My client–I’ll call him James–tried to walk out of Macy’s with a sweater valued at approximately $300.00, but was caught by store security officers before he ever left the premises. The sweater, in pristine condition, went from the bag in my client’s hands into the possession of Macy’s security officers. The NYPD issued him a Desk Appearance Ticket (DAT) for the misdemeanor charges of petit larceny and criminal possession of stolen property in the 5th degree, which he will have to answer in criminal court.
But Macy’s followed up by sending James a letter from its Civil Recovery Department, claiming that Macy’s was entitled to collect $500.00 in civil damages, and threatening to “ask a law firm to follow up on [its] behalf” if he did not make payment in full. They justified it by citing to NY GOL 11-105, which they loosely quoted to warn that “a person who commits larceny against the property of a mercantile establishment shall be civilly liable…for the retail price of damaged or unrecovered merchandise, up to $1500, plus a penalty of 5 times the retail price of the merchandise or $75, whichever is greater, but not to exceed $500.” Relying on the law, Macy’s told James, “we make demand for the payment of $500.00 from you as settlement of the civil claim in connection with this incident.”

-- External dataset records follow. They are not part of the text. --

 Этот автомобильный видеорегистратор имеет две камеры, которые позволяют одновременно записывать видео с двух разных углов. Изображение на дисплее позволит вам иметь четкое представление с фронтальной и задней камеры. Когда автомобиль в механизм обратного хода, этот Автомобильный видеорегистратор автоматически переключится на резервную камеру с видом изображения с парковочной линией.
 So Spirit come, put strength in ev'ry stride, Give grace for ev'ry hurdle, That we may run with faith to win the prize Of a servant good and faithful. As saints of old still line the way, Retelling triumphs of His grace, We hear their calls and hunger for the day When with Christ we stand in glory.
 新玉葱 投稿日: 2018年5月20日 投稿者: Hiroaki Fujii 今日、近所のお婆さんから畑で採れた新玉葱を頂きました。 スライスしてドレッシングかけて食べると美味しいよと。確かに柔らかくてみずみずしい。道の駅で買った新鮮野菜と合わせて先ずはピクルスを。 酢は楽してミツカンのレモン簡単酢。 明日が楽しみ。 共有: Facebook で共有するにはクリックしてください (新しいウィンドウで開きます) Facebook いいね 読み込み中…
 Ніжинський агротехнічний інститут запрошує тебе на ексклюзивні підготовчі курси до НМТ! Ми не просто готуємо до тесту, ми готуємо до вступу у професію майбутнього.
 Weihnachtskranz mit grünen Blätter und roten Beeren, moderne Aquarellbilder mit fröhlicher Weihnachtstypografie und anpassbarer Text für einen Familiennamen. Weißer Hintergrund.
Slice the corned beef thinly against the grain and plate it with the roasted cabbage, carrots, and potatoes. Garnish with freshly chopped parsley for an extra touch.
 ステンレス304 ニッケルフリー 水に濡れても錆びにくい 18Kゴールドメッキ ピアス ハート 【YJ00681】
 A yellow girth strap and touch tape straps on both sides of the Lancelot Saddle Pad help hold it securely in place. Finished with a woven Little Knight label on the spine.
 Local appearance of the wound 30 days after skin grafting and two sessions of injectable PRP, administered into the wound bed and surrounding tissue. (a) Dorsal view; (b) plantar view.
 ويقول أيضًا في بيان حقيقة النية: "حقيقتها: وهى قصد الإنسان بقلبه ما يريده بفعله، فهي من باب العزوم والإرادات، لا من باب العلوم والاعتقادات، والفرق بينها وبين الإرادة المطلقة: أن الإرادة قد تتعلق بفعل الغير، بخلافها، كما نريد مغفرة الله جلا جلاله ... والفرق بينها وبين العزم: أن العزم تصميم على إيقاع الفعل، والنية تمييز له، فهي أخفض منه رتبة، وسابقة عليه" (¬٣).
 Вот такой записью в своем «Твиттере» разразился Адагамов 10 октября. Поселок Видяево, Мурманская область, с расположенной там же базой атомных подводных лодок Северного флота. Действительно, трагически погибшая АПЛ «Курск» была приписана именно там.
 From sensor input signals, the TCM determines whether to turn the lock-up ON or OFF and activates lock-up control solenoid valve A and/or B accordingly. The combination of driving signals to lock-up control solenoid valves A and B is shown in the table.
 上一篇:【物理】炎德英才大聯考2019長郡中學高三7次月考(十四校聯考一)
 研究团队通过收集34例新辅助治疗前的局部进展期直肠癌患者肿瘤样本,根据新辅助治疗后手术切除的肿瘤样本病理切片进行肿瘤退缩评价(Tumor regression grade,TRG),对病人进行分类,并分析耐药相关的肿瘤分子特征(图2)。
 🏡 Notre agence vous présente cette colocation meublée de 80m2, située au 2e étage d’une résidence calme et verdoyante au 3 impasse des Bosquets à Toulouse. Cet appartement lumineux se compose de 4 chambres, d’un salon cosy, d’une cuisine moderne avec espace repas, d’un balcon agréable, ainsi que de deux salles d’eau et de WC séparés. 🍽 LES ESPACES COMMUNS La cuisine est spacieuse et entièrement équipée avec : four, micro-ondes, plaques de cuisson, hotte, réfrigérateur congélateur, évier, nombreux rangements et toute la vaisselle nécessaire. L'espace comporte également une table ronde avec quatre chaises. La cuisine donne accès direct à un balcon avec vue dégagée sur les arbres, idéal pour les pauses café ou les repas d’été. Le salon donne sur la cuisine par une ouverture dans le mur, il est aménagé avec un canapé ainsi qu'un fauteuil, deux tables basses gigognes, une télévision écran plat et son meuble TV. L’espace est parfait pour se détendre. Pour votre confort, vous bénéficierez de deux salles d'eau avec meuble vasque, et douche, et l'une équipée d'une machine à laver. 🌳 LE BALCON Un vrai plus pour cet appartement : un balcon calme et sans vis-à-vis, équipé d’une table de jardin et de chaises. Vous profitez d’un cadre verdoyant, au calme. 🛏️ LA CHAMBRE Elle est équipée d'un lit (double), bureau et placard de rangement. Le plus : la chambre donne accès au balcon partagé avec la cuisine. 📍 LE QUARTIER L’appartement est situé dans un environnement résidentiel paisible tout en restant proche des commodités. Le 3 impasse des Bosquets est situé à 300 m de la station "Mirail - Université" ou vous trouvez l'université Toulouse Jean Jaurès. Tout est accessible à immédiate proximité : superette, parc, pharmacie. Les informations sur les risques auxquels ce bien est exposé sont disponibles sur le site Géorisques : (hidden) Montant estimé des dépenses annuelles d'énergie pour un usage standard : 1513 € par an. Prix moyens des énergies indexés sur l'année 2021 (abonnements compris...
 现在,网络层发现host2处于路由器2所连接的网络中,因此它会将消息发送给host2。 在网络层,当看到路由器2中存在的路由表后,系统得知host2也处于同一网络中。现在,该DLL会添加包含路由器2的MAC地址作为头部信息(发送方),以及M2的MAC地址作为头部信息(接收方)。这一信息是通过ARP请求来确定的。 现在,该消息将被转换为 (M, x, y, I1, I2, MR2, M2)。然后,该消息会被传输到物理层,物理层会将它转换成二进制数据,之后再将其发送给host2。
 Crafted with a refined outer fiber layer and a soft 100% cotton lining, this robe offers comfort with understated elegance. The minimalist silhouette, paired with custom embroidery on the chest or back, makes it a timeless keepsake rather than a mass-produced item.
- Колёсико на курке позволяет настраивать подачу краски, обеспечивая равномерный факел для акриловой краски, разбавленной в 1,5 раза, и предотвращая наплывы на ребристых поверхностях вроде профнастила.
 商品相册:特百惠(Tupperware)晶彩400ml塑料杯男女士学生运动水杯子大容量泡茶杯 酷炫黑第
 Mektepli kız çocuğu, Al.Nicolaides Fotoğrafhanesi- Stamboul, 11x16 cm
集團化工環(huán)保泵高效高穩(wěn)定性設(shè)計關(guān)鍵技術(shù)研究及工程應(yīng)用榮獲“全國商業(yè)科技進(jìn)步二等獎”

There was just one problem here. The sweater was not “damaged or unrecovered.” Therefore, the Macy’s Civil Recovery Department had no basis to go after James for civil damages. And it had no basis to threaten him with legal action if he didn’t pay up. Yet, when James contacted Macy’s Security upon receiving the letter to try to determine how seriously to take it, he was advised to pay the money. In fact, the woman at Macy’s went so far as to tell James that the judge in criminal court would probably look more favorably on him when deciding his fate if he paid before his court date.
Luckily for my client, and his father, who was about to send a check that he could ill afford to a company that did not deserve it, I was able to explain that Macy’s was trying to pull a scam on them, and that they should not fall for it. But Macy’s would have been successful in conning money from my client’s family had James not mentioned the arrest to me. And you can be sure that they have conned lots of cash out of lots of unsuspecting New Yorkers already. Macy’s, this is not a good look for you. Lay off the kids, and clean up your act.